Acheulean (0.5–0.25 Ma) is typified by the emergence of Levallois tools, i.e., stone
points the size and form of which is predetermined by careful preparation of the
core. Mithen’s reconstruction thus ignores the diversity of tools within each act. For
example, it ignores the fact that flaked tools continue to be abundantly present in the
Acheulean and in fact the whole of prehistory, much later, e.g., among
contemporary Aboriginals (Holdaway and Douglass 2011) and, until the 1960s, in
the Mediterranean (Karimali 2005); it ignores other marked continuities, such as the
persistent use of bone implements to work animal hides (Soressi et al. 2013) and
unbarbed spears made out of one piece of wood—as at Schoningen (Thieme 1997)
and among recent populations, for example in New Guinea and Australia (McCarthy
1957)—from the Pleistocene until present times; it ignores the fact that later stone
implements, such as some of the handstones used during the Neolithic for grinding
cereals, have a production process comprising only one step (i.e., seeking a
suitable piece of rock; ibid.), which makes them, per definition [8], simpler than
Oldowan tools; it ignores the fact that, as already hinted at, the use of osseous
materials might have actually simplified production processes; and so forth.
Obviously, these examples are insufficient to undermine the complexity thesis. Yet
they do illustrate that uni-linear reconstructions fail to record developments which
might shift the evidential balance, and thus which any proper test would like to
include.
One might worry that technological evolution is highly reticulate, and therefore
that the demand to start from established lines of descent is too stringent. Indeed,
our ability to produce unambiguous rooted networks is currently limited (Morrison
2011). So perhaps we should acknowledge that, currently, we often lack the means
to reliably infer technological ancestor-descendent relationships. This acknowl-
edged, the next best option is to draw diachronic samples from a domain that
preferably is wider in range than that of uni-linear reconstructions. The underlying
assumption would be that, if the complexity thesis is true, one should observe an
increase in complexity irrespective of the precise evolutionary relations between the
diachronic samples.
Complexity and technological evolution: What everybody… 1255
123
Testing the technological complexity thesis
To our knowledge, and for the moment ignoring the question of representativeness,
no dataset meets the adequacy criteria discussed above. Recent work on cultural
evolution has produced a number of rooted phylogenetic trees, e.g., relating to
prehistoric projectile points (O’Brien et al. 2001), musical instruments (Temkin and
Eldredge 2007), tribal textiles (Tehrani and Collard 2009), cutlery (Riede 2009),
bicycles (Lake and Venti 2009) and canoes and houses (Jordan 2014). Yet none of
these reconstructions contains direct information on complexity, nor is it obvious
how one would infer such information. Hence, even if one grants that they
accurately represent evolutionary relationships, they do not provide an appropriate
test of the complexity thesis. The same holds for uni-linear sequences developed for
ship rudders (Mott 1997), the cotton gin, steam engine and barbed wire (Basalla
1988), pencils (Petroski 1989), and paperclips and zippers (Petroski 1992). Some
recent experimental studies provide evidence for the effect of population size on
maintaining a simple or complex technology (Derex et al. 2013), where producing
the complex technology requires more steps (definition [8]), but do not concern
increasing complexity.
Uni-linear sequences that do contain information on complexity include
sequences developed for early stone tools and for software packages.

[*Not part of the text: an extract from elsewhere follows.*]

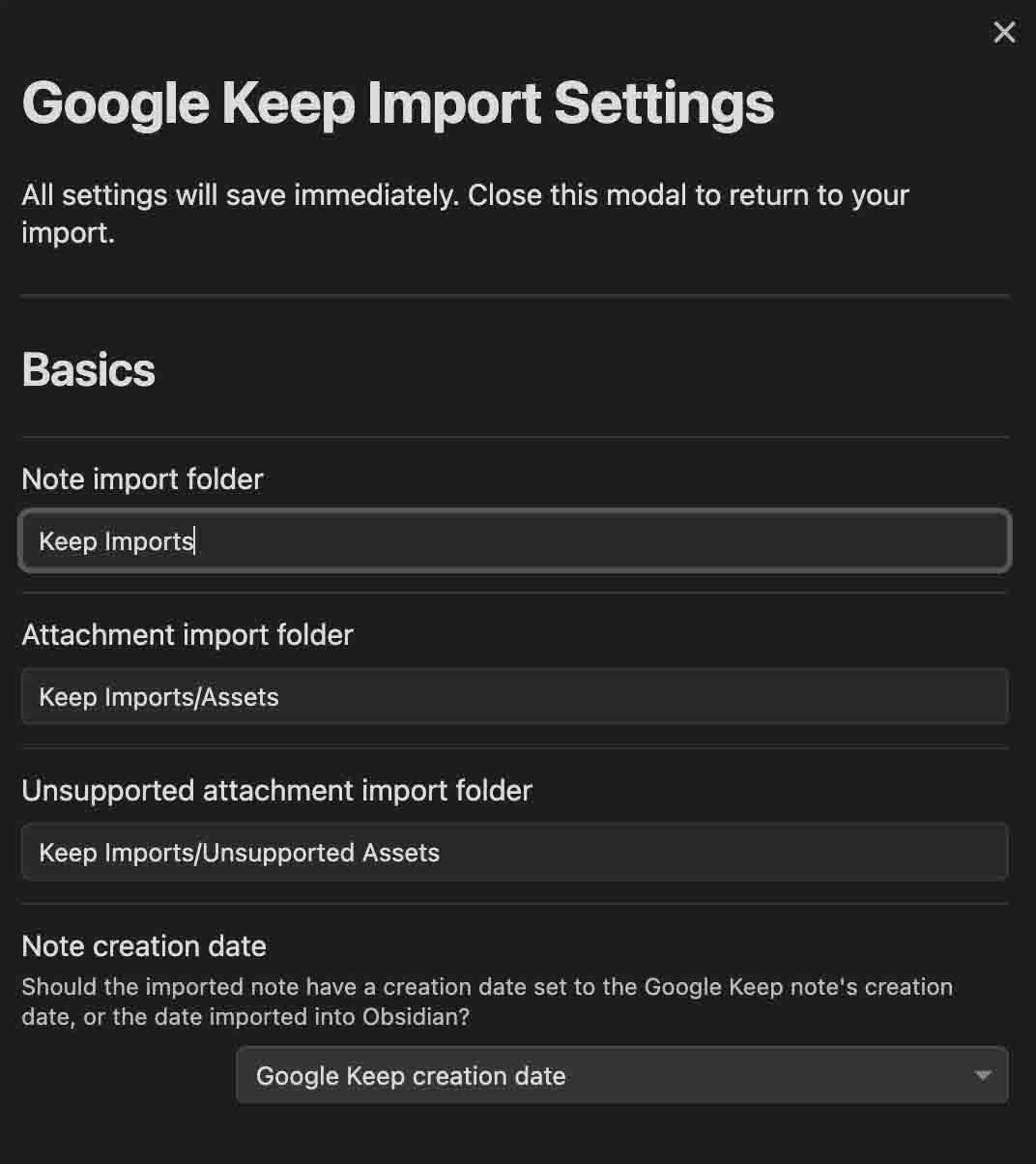 - Note creation date: Defines which date should be used as the 'created on' date for each new Obsidian note; The date of Obsidian import, or the original Google Keep creation date.

Regarding the former, Perreault et al. (2013) calculated the complexity of some
of the diagnostic stone tools from assemblages from the Lower to Upper Paleolithic,
by counting the procedural units involved in tool manufacture (definition [8]). The
authors defined a procedural unit as a manufacturing step that makes a distinct
contribution to the finished form of a technology (e.g., heat treatment, decortifi-
cation, hard hammer percussion). Perreault et al. found that the average number of
procedural units increased over time. In another study, Stout developed action
hierarchies for various forms of stone tool production, including the production of
Oldowan and Early Acheulean flakes, and Early and Late Acheulean handaxes.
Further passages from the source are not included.